Section 3402(o) states that SUB payments should be treated “as if they were wages” for income tax withholding purposes. The taxpayer in Quality Stores is arguing that the rule implies that SUB payments are not actually wages and that there is no corresponding rule to treat them as if they were wages for FICA tax purposes.
The Supreme Court is now expected to rule definitively on whether severance payments for involuntary separation from employment resulting from a reduction in work force, the discontinuation of a plant or operation, or other similar conditions, are subject to FICA taxes.
Taxpayers who have not yet filed protective claims should do so, and taxpayers whose protective claims have been denied should preserve their ability to file suit. The IRS denied many protective claims outside of the Sixth Circuit by arguing that CSX was settled law. Taxpayers generally have two years from the date of receipt of an IRS notice of disallowance to file suit in federal court to overturn the IRS’s decision, but they can file Form 907 to extend this deadline. The IRS must accept and sign the Form 907, and the agency has generally been accepting two-year extensions.
Filing protective claims
FICA protective refund claims may be filed without notifying the affected employees. In contrast, to file an actual refund claim (rather than a protective claim) for the employer’s share of FICA tax, the employer must first make a reasonable attempt to notify the affected employees of the availability of the refund and offer to file a refund claim on behalf of the employees for the employee share of FICA tax.
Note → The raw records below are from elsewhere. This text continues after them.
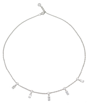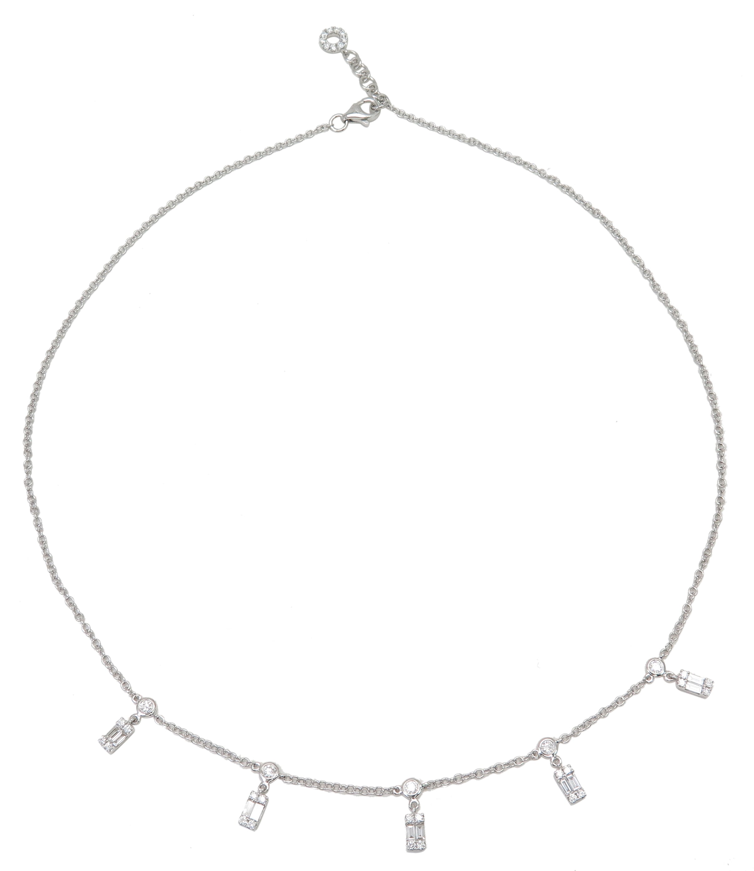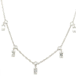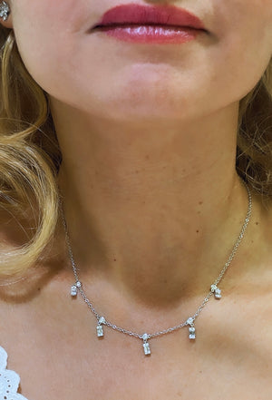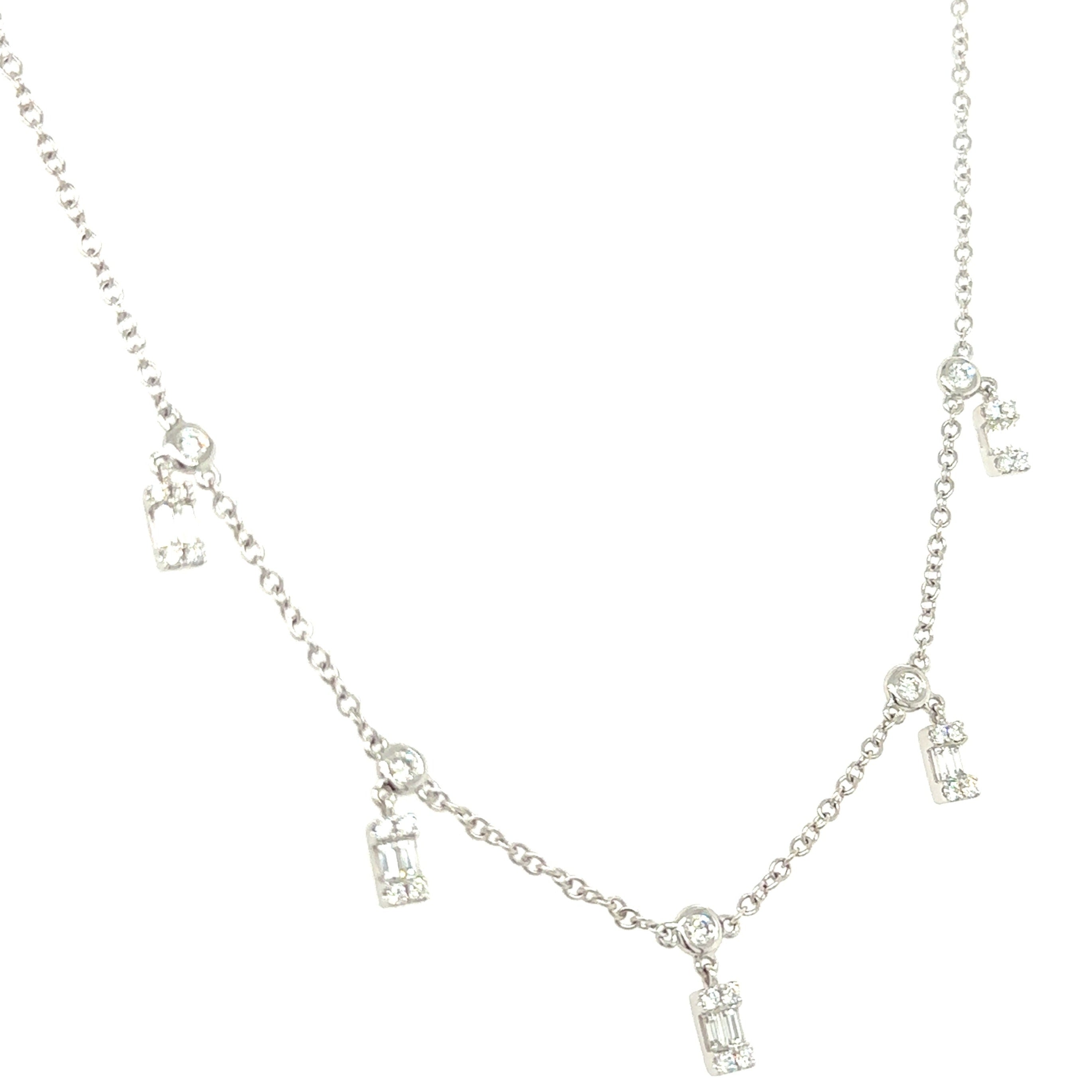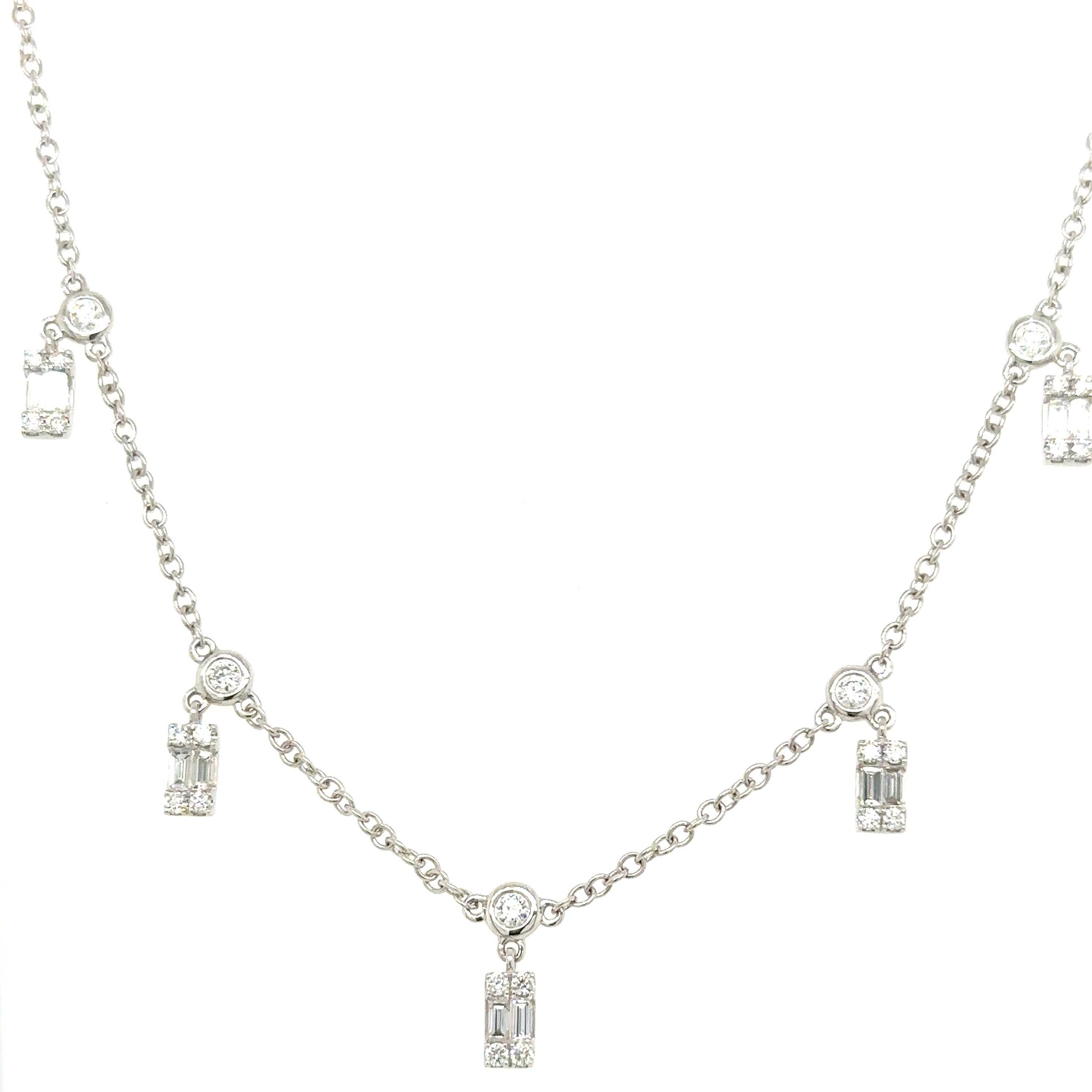 Adorn yourself with the sparkling sophistication of this 0.78ct tw bezel set dangling with cluster emerald-cuts diamond by the yard necklace. Crafted in gleaming 18k gold, this piece is sure to turn heads with its 0.78 carat twinkling diamonds and bold emerald-cut cluster accents. Feel the luxury of your next special occasion!
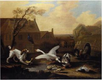 | Keywords: Circle of Pieter Casteels III - A spaniel threatening geese in a farmyard.jpg Artwork Circle of creator Peter Casteels III en A spaniel threatening geese in a farmyard 1st half of 18th century Rafael Valls Art dealer Recent Acquisitions Rafael Valls 1992 p 9 Oil canvas cm 102 2 127 9 Private collection sold by Christie's on 9 - 10 September 2008 in Amsterdam as lot 2798 Other versions PD-old-100 Peter Casteels III 18th-century still life paintings in private collections 1700s still life paintings |
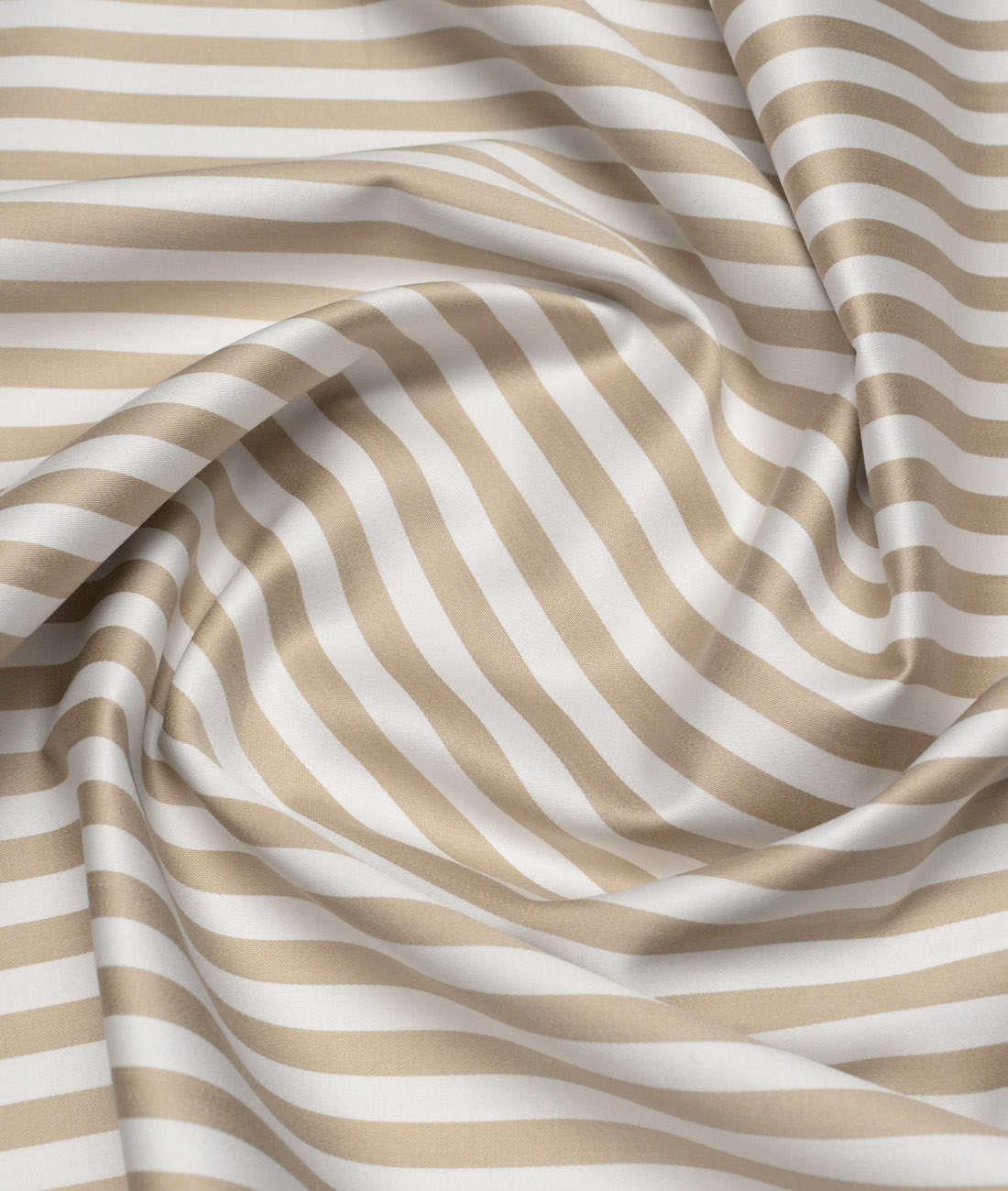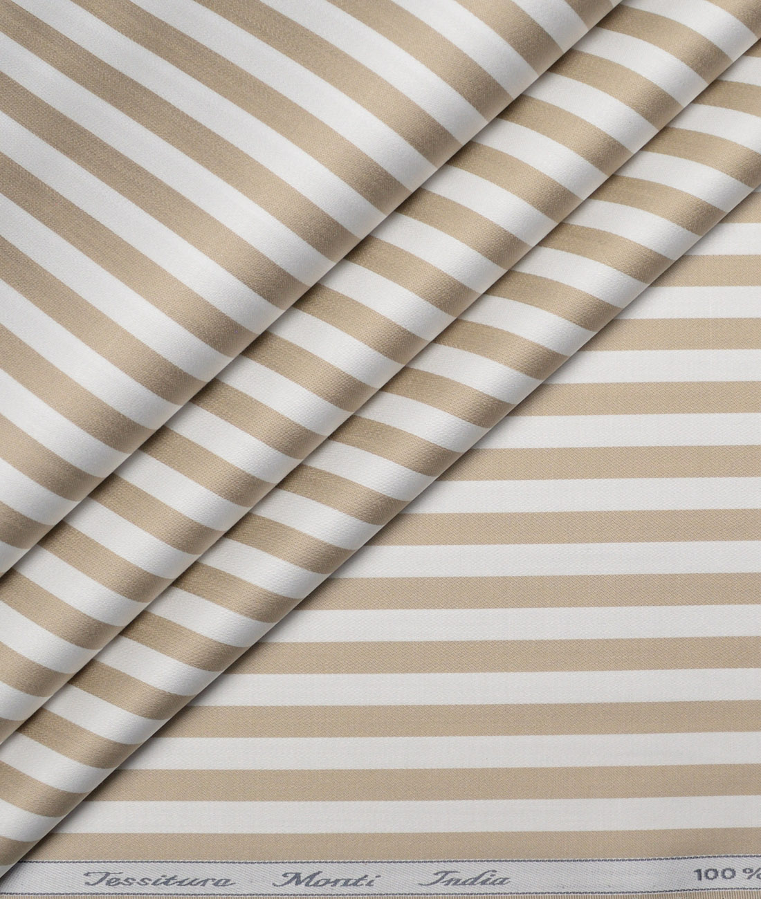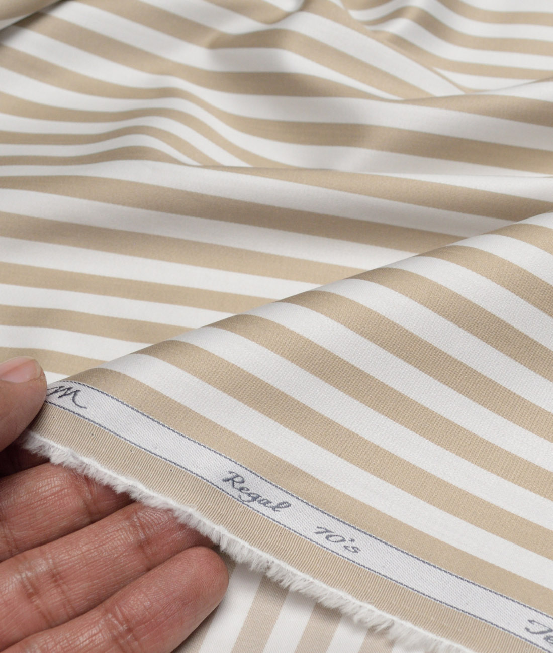 Tessitura Monti 2 Ply 70’s Giza Cotton Striped Shirting Fabric (White & Brown)
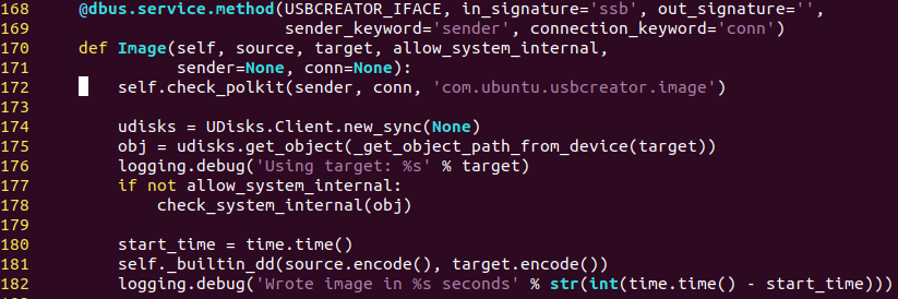 このサービスは Python で実装されているので、関連するソースコードを簡単に調べられます。まず、このメソッドと対話するために必要な特権はcom.ubuntu.usbcreator.image であることが分かります。ソースコードからは、要求しているユーザーにこの要求が許可されているかどうかについて、polkit に問い合わせが行われることが分かります(172行目)。
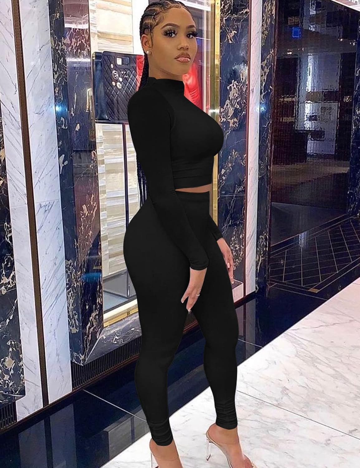 90% Polyester and 10% Spandex Pull On closure Machine Wash This workout leggings set is light weight, high stretchy, super soft, not see through, comfy This jogger sets feature crop top and legging pants, mock neck, long sleeve, the active wear 2 piece outfits is high waisted with elastic waistband, bodycon fitted. The athletic clothing is a must have in your wardrobe, It hugs all your curves so sexy, perfect for spring, fall and winter The two piece casual matching sets is suitable for gym, work out, running, walking, sports, jogging, bike, going out, club, vacation, outdoor, travel, shopping, exercise, street, daily, home and other special occasions. Style this tracksuit sets with sport shoes or heel, you'll look more energetic and stylish Size: S=USA 4-6, M=8-10, L=12-14, XL=16-18, Size for reference only, please check the size chart carefully before you purchase Washing Care: washing by hand or machine, do not bleach
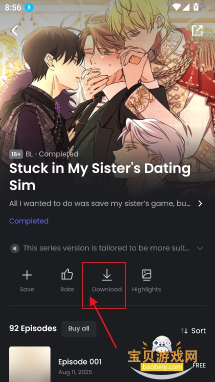 1、进入喜欢的漫画界面,点击【下载】图标
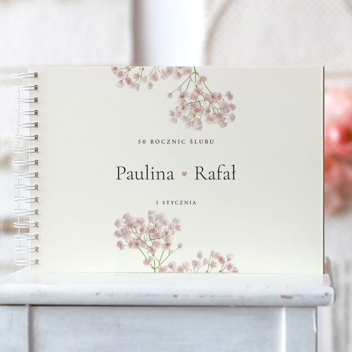 Pierwszą stronę okładki zdobimy wybranym wzorem, imionami i datą ślubu pary młodej.
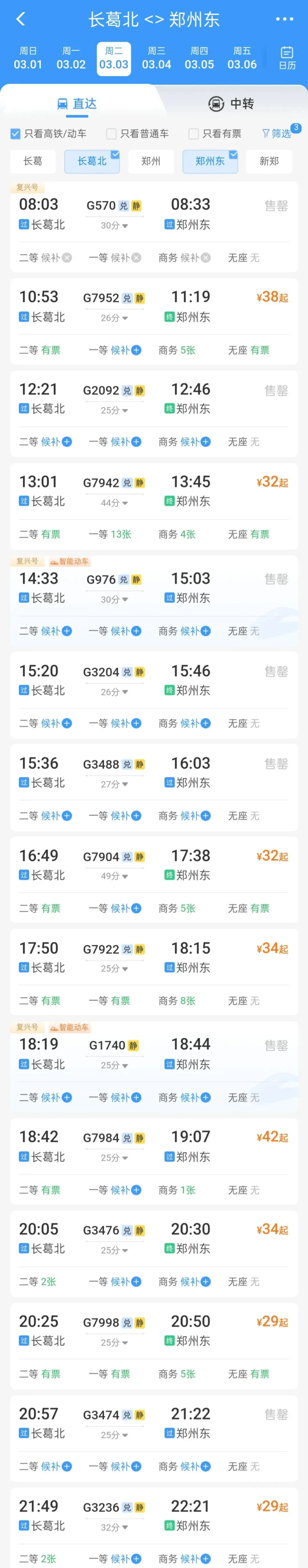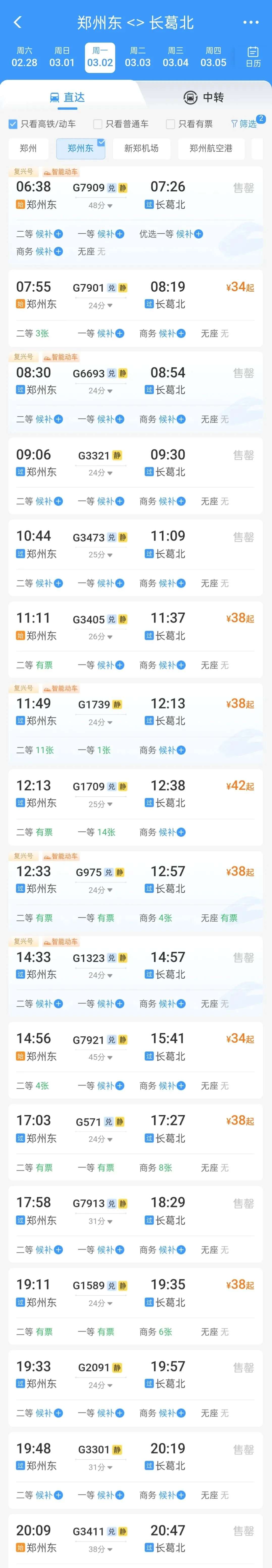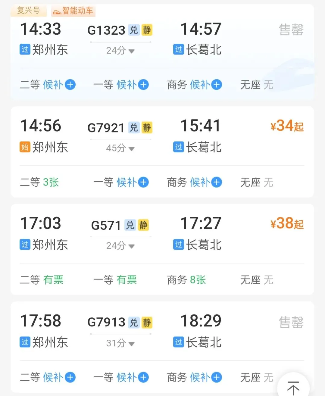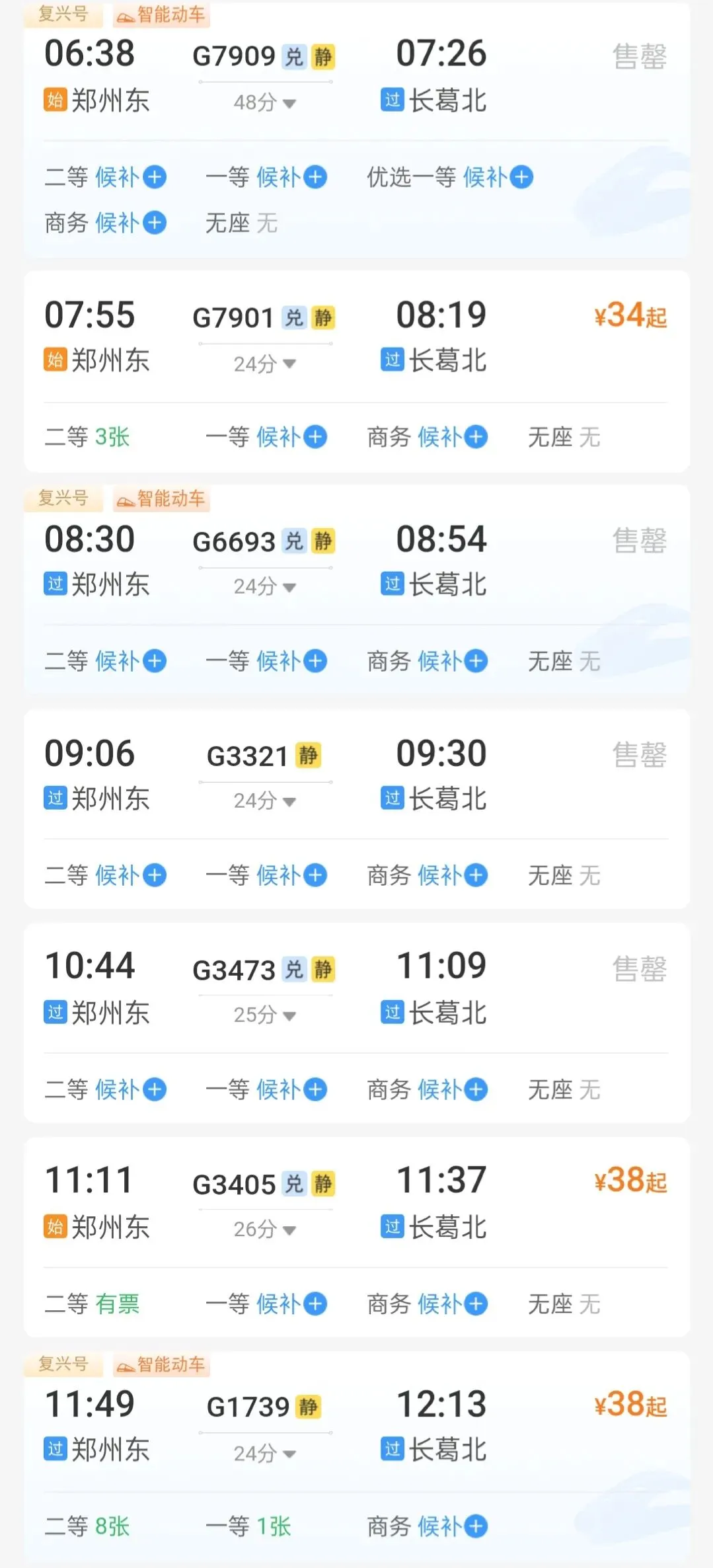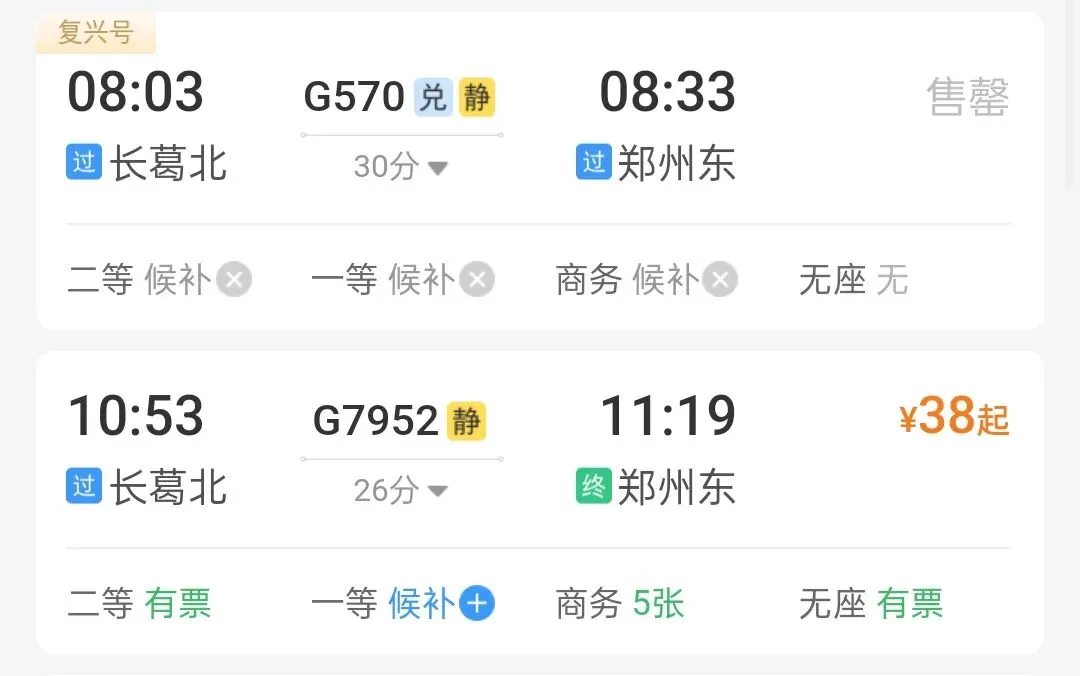 长葛北到郑州东,上午有2趟列车,发车时间分别为8点03分、10点53分。
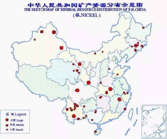 中國(guó)鎳礦資源不能滿足需要??偙S袃?chǔ)量鎳784萬噸,居世界第9位。鎳礦產(chǎn)地有近100處,分布于18個(gè)?。▍^(qū))。

To file a refund claim on behalf of an employee, the employee must provide the employer with a written statement certifying that the employee will not file a refund claim directly with the IRS and also provide written consent for the employer to file the refund claim on the employee’s behalf. If employees cannot be located and/or do not provide their written consent, the employer may file a refund claim for just the employer’s share of FICA tax.
To ultimately file an actual refund claim, employee wage information must be preserved. Employers should take steps now to maintain and preserve wage information necessary to file actual refund claims in case the Supreme Court rules in favor of the taxpayer in Quality Stores.